◆ TASK ITEM
Look below for the line that contains "Ніхто в Антикваріумі", then quote it and all the lines after it, exactly, with the pictures left out.

◆ INPUT DATA
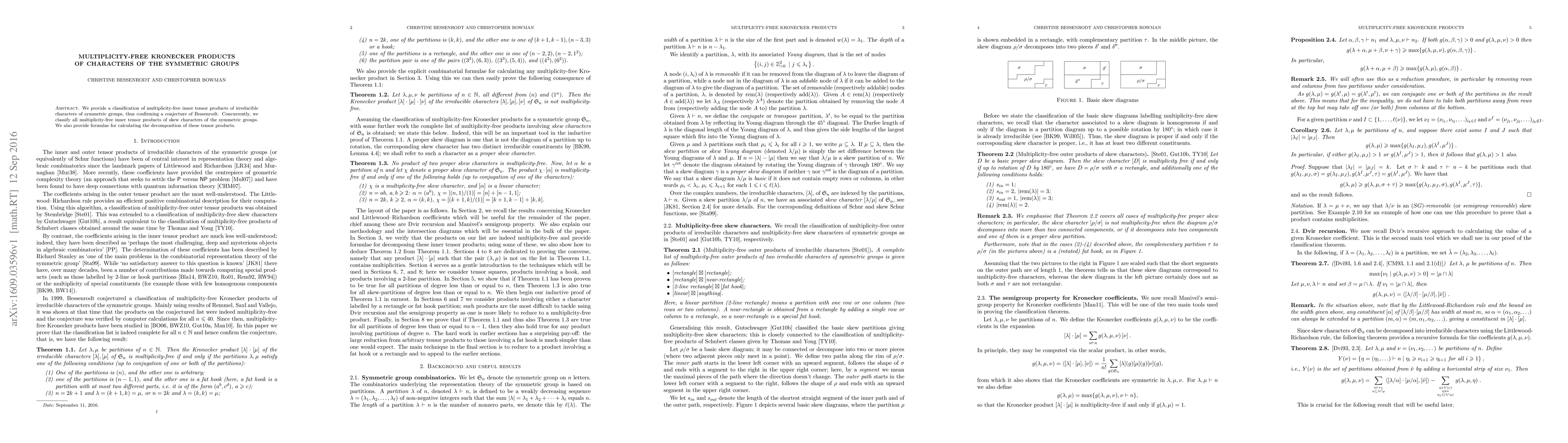 This paper classifies the multiplicity-free inner tensor products of irreducible characters of symmetric groups, confirming Bessenrodt's conjecture, and also extends the classification to skew characters. Additionally, it provides formulas for decomposing these tensor products.
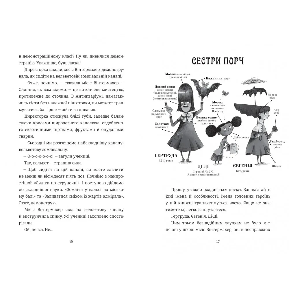 Ніхто в Антикваріумі не мріяв опинитися в руках Міллісент Квібб — загрозливої, страхітливої й легендарної скаженої науковиці. Лише сестрички Порч — Ґертруда, Євгенія та Ді-Ді — наважуються проміняти уроки етикету на небезпечні досліди й польоти на мухоциклі. Вони не лише вчаться дивакуватій науці, а й рятують своє місто від зловісних змовників.
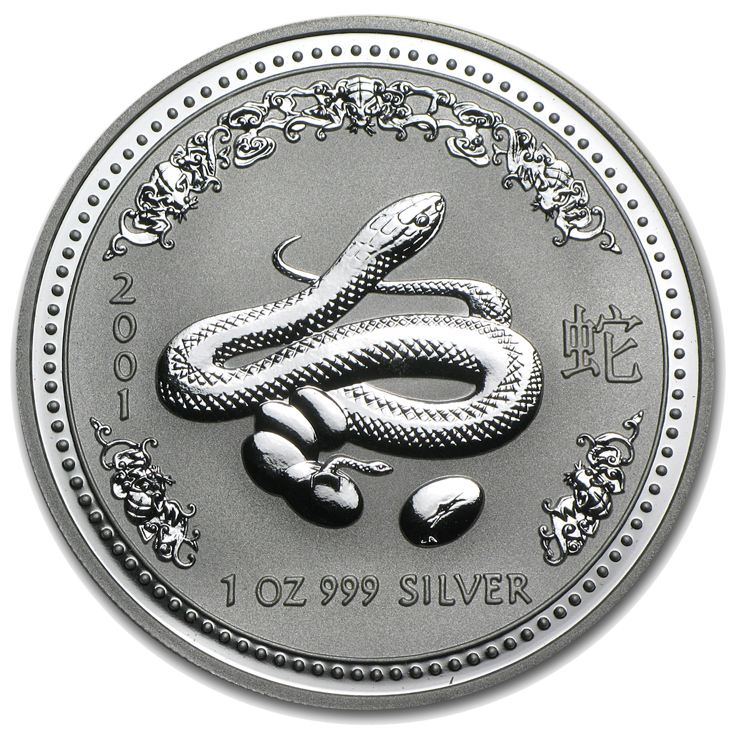 Wie üblich bei der Perth Mint ist auf der Rückseite das wechselnden Motivs der Name des Tieres in chinesischer Schrift, das Prägejahr und Gewicht, sowie der Silberanteil zu sehen.

◆ RESULT OF THE TASK
 Ніхто в Антикваріумі не мріяв опинитися в руках Міллісент Квібб — загрозливої, страхітливої й легендарної скаженої науковиці. Лише сестрички Порч — Ґертруда, Євгенія та Ді-Ді — наважуються проміняти уроки етикету на небезпечні досліди й польоти на мухоциклі. Вони не лише вчаться дивакуватій науці, а й рятують своє місто від зловісних змовників.
 Wie üblich bei der Perth Mint ist auf der Rückseite das wechselnden Motivs der Name des Tieres in chinesischer Schrift, das Prägejahr und Gewicht, sowie der Silberanteil zu sehen.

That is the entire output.